CHICAGO -- Former death row inmate Aaron Patterson was arrested Thursday amid a federal investigation into illegal gun and drug sales, his third arrest since being pardoned last year, authorities said.
Patterson was arrested during a traffic stop, said U.S. attorney spokesman Randall Samborn. Samborn said a criminal complaint was expected to be filed today.
Also arrested were Mark Mannie, 36, and Isaiah Kitchen, 55, both of unknown addresses.
According to the U.S. attorney's office, Patterson and Kitchen tried to sell more than 100 grams of heroin to a government informant on four occasions since March.

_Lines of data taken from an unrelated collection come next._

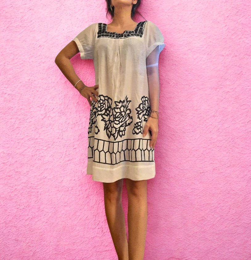 Bol kesim, kısa kollu, tekne yaka midi elbise. Nakışlı çiçek desenleri ve dantel detayları bulunur. Yumuşak kumaştan, günlük kullanıma uygun. Astarsız. iki koltuk arasi 48cm. uzunluk 92 cm.
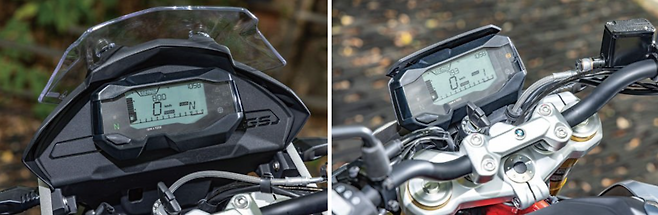 한눈에 더 단단하고, 한층 고성능처럼 보인다. 디자인은 플래그십 모델 S 1000 R의 흐름을 이어받으면서도 쿼터클래스 안에서 완성도를 높였다. 헤드라이트 좌우부터 덩어리처럼 이어진 차체는 단단한 근육을 연상하게 한다. 연료 탱크와 카울은 배기량에 비하면 한 사이즈 큰 느낌이다. 하지만 헐렁한 운동복이 아니라, 맞춤 정장처럼 핏이 딱 맞는다. 그만큼 시각적으로 만족감을 준다. LED 타입 헤드라이트와 방향지시등도 기본으로 달린다. 야간 주행에 노면 시인성이 그만큼 개선됐다. 상향등 밝기도 훨씬세다. 헤드라이트 가운데는 주간 주행등이 달렸다. 그래서 이제는 한낮에도 눈매가 매섭다. 계기반은 기존과 동일하다. 중심에 속도와 기어 단수를 표시하고, 하단엔 디지털 게이지로 엔진 회전수를 배치했다. 연료 잔량, 주행거리, 시계 외에도 조작 버튼 한 개를 통해 엔진 온도와 평균 속도 등 정보를 볼 수 있게 했다.
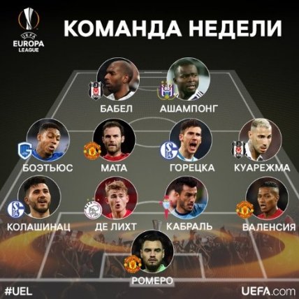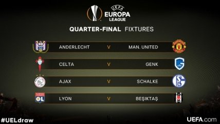 В четвертьфинальный раунд второго по престижности клубного турнира в Европе пробились: Бешикташ, Генк, Сельта, Андерлехт, Аякс, Шальке, Манчестер Юнайтед и Лион.
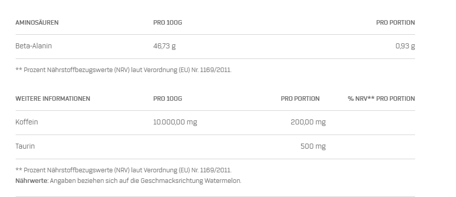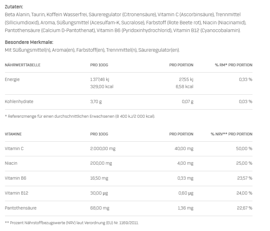 Hinweis: Die angegebene empfohlene tägliche Verzehrsmenge darf nicht überschritten werden. Das Nahrungsergänzungsmittel nicht als Ersatz für eine ausgewogene und abwechslungsreiche Ernährung verwenden. Außerhalb der Reichweite von Kindern aufbewahren. Enthält Koffein (200mg/ Portion). Für Kinder und schwangere Frauen nicht empfohlen.

Patterson and Mannie are both suspected of being felons in possession of a firearm. Federal authorities said the two men bought four firearms during the sting. Patterson is also suspected of distributing 5 1/2 pounds of marijuana to the informant, federal authorities said.

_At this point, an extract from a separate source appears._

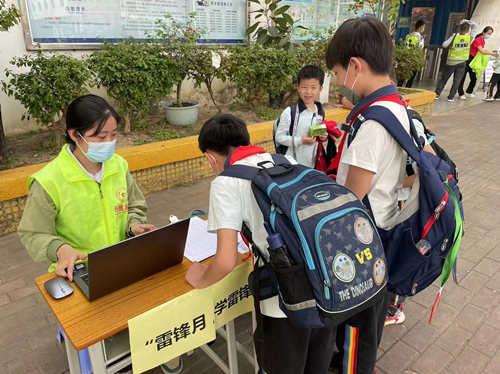 三月是学习雷锋月,为了大力弘扬雷锋精神,通过社区与学校联动,推动石碣镇青少年群体志愿服务力量。有部分学生开始了解志愿服务,但不知道如何注册及操作,在2023年3月10日下午,东莞市乐雅社会工作服务中心驻水南社区综合服务中心社工联合石碣志愿者协会在新民学校开展“雷锋月,学雷锋”学生志愿服务招募宣传活动,通过“少年有志·愿行成长”项目指引在校学生注册成为志愿者,介绍石碣镇的志愿服务。
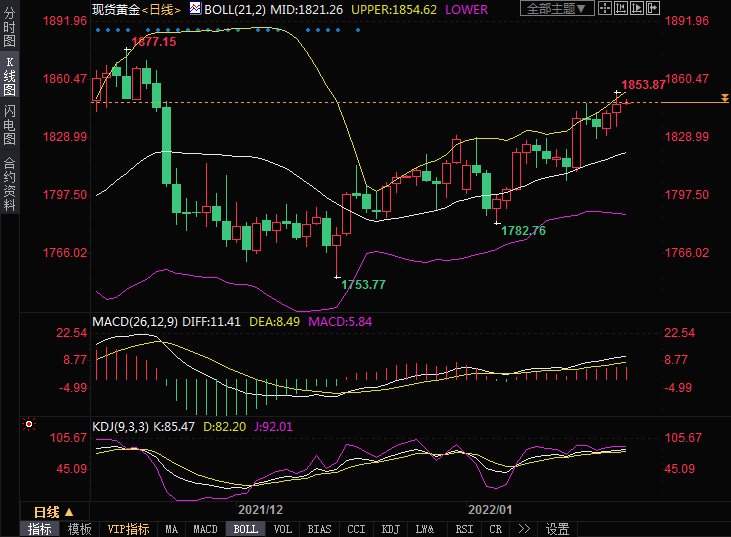 技术面上金价仍然偏强运行,MACD金叉,金价仍然在不断创新高,因美联储鹰派的预期基本被市场消化,金价下行压力基本缓解。

The arrests came after a five-month undercover investigation.
All three men were arrested at separate locations Thursday and will remain in custody overnight, Samborn said. They each are expected to appear in court this morning, once formal charges have been filed. Kitchen's appearance was pending his release from a hospital where he was taken after his arrest.
Messages left for attorneys representing Patterson in an unrelated lawsuit were not immediately returned Thursday night. It was not immediately known if the other two men have attorneys.

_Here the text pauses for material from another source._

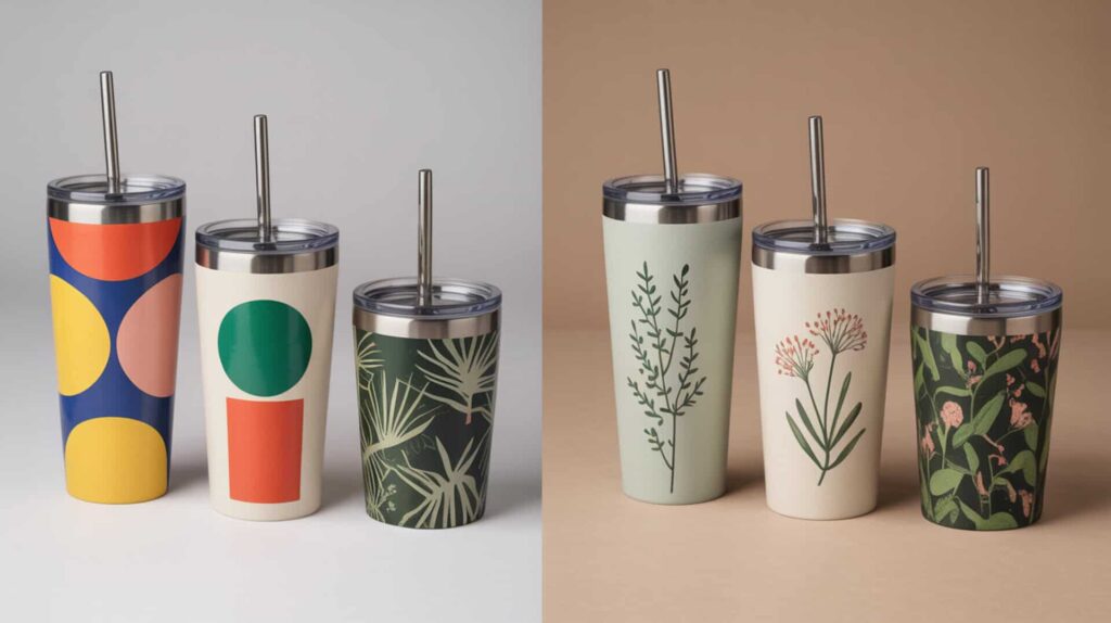 Ceramic mugs are a classic for sublimation because prints always turn out so well—the smooth polymer-coated surface accepts dye transfer with consistent results. Tumbler wraps (especially 20 oz skinny straight styles) remain popular for their visual impact and gift appeal. Both abstract geometric patterns and botanical nature-inspired themes perform well in current markets. Texture simulation adds perceived quality to designs without affecting press settings, making layered botanical and textured geometric designs particularly appealing to buyers.

Patterson, a former gang member, served 17 years in prison before he became one of four men pardoned in January 2003 by former Gov. George Ryan when the governor cleared death row just before leaving office. A lawsuit is pending on Patterson's behalf claiming investigators tortured him into a false confession.
Patterson had already been arrested twice since his release.
In January, while he was making a failed run for the Legislature, Patterson was charged with misdemeanor counts of simple assault and impersonating a government official.
Authorities said he was urging people to register to vote outside an outreach center and refused to leave when the group's pastor asked him to. Officers said Patterson was also shouting that he was a state official, which he was not.
In May, Patterson was charged with reckless conduct, a misdemeanor, after he "started a disturbance" during a candlelight vigil outside a police station where an inmate advocate died while in custody.
In that incident, police said Patterson was shouting obscenities and pounding on windows at the police station. Patterson claimed he was trying to help another demonstrator locate some lost keys when an officer yelled at him.